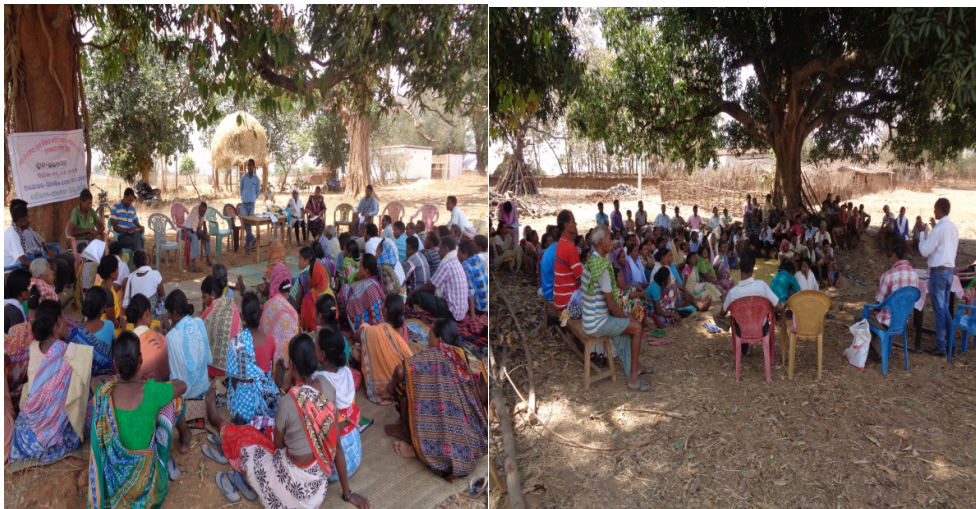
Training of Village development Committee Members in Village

◆ ◆ ◆ ◆ ◆ ◆ ◆

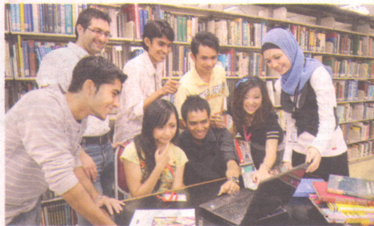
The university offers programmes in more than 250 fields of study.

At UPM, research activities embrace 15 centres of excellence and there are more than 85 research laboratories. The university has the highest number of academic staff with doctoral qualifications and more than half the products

◆ ◆ ◆ ◆ ◆ ◆ ◆

# [PROBLEM DESCRIPTION]
Across the entries above, how many lines contain the string "university"? The number alone is the answer.

# [ANSWER SECTION]
2